Поначалу из-под пера Лессинга выходили только лирические произведения. Но однажды он увидел спектакли игравшей в городе труппы Каролины Нейбер. И это во многом определило его судьбу. Захваченный богатством мира, открывшегося ему благодаря драматургии и искусству сцены, Лессинг все больше увлекается театром. Новые знания, впечатления от окружающей действительности — все это, трансформируясь, воскресало в его первых сочинениях. Комедии «Дамон», «Женоненавистник», «Старая дева», «Молодой ученый», написанные для актеров Каролины Нейбер, сблизили Лессинга с театром, его практикой, трудностями поиска, горечью разочарований и триумфальными взлетами. Его острый, глубокий ум вскоре заинтересовали приемы сценической игры, тайна кристаллизации роли. Лессинг горячо полюбил театр и не жалел для него ни своих скромных заработков, ни полученных от кредиторов денег, которыми пытался укрепить шаткие дела антрепризы Нейбер.
И все же усилия, затраченные на то, чтобы избежать краха труппы Каролины, оказались тщетными. Кризис разразился, и Лессинг вынужден был бежать от кредиторов. Он покинул Лейпциг и перебрался в другой саксонский город — Виттенберг, где записался на медицинский факультет университета. Не найдя покоя от заимодавцев и тут, нуждаясь, Лессинг решил отправиться в большой город, в котором можно было бы жить литературным трудом. Он остановил свой выбор на Берлине, куда только что из Лейпцига переехал его кузен и старший друг Вильгельм Милиус, взявший на себя редактирование «Берлинской привилегированной газеты». Милиус с юных лет увлекался искусством. Еще в начале 1740-х годов он мечтал о создании немецкого национального театра, который имел бы самый тесный контакт с драматургами и критиками.
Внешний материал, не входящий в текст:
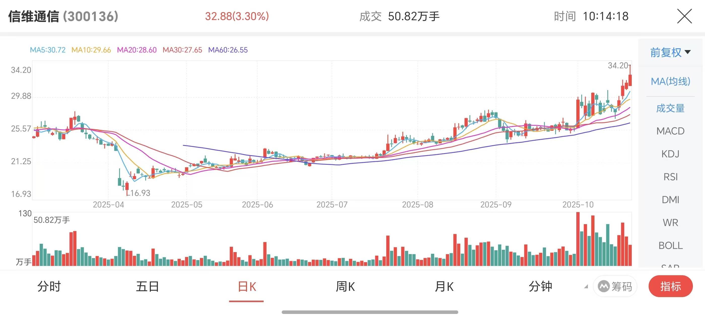 二级市场上,信维通信的业绩表现和发展潜力也得到了投资者的关注和认可。三季度财报发布次日,公司股价高开高走,最高突破34元/股,创造阶段性新高,年内区间最大涨幅超100%,市值突破300亿元。
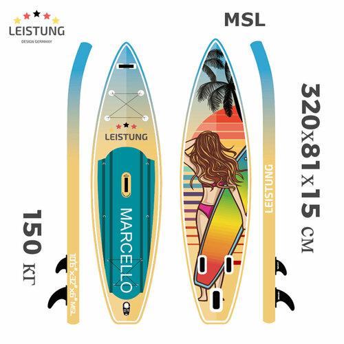 Сап борд надувной двухслойный для плаванья LEISTUNG MARCELLO 10.6 / Доска SUP board / Сапборд

Мысль о театре, забота о его развитии не покидала друзей и в Берлине. Когда год спустя после переезда Лессинг совместно с Милиусом начал издавать журнал «Материалы по истории и восприятию театра», в предисловии к нему он написал: «Театральное искусство не может не иметь своих законов, и мы хотим их обнаружить».
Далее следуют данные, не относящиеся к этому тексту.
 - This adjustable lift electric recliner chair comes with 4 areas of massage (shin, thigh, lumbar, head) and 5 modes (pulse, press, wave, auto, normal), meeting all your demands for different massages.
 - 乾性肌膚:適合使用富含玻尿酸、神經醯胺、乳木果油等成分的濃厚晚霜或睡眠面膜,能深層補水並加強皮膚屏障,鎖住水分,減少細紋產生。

Эти слова не были пустой декларацией. 23 июля 1750 года в «Берлинской привилегированной газете» появилась небольшая заметка:
«Париж. Здесь недавно издана книга „Искусство театра для мадам ***“ мсье Риккобони-сына. Автор этой для всех актеров чрезвычайно поучительной книги — сын знаменитого Риккобони, руководителя Итальянского театра в Париже. Искусством, которому он здесь учит, он занимался много лет, но из-за слабого здоровья не смог продолжать работу; однако автор хорошо поступил, создав удачную книгу, которая будет полезна другим. Риккобони откровенно вскрывает ошибки французских актеров и нисколько не лицемерит. „Начиная тихо, — говорит он между прочим, — произнося все нарочито медленно, растягивая звучание и при этом не изменяя его, затем внезапно поднимают тон и поспешно возвращаются к прежнему звучанию, а в моменты, выражающие страдания, проявляют непомерную силу без того, чтобы менять характер модуляции, — вот что во французском театре называется декламацией и т. д.“. Господин Риккобони практически свободен от всех театральных предрассудков. Например, его сердит привычка некоторых актеров репетировать свои позы перед зеркалом, потому что это рождает аффектированность. Он считает шарлатанством утверждение, что каждый раз актер должен чувствовать то, что изображает на сцене, и находит это невозможным. Короче, эту книгу с удовлетворением прочтут не только любители театра, но и профессионалы, которым она будет полезна. Приобрести ее можно в книжной лавке Бурдо».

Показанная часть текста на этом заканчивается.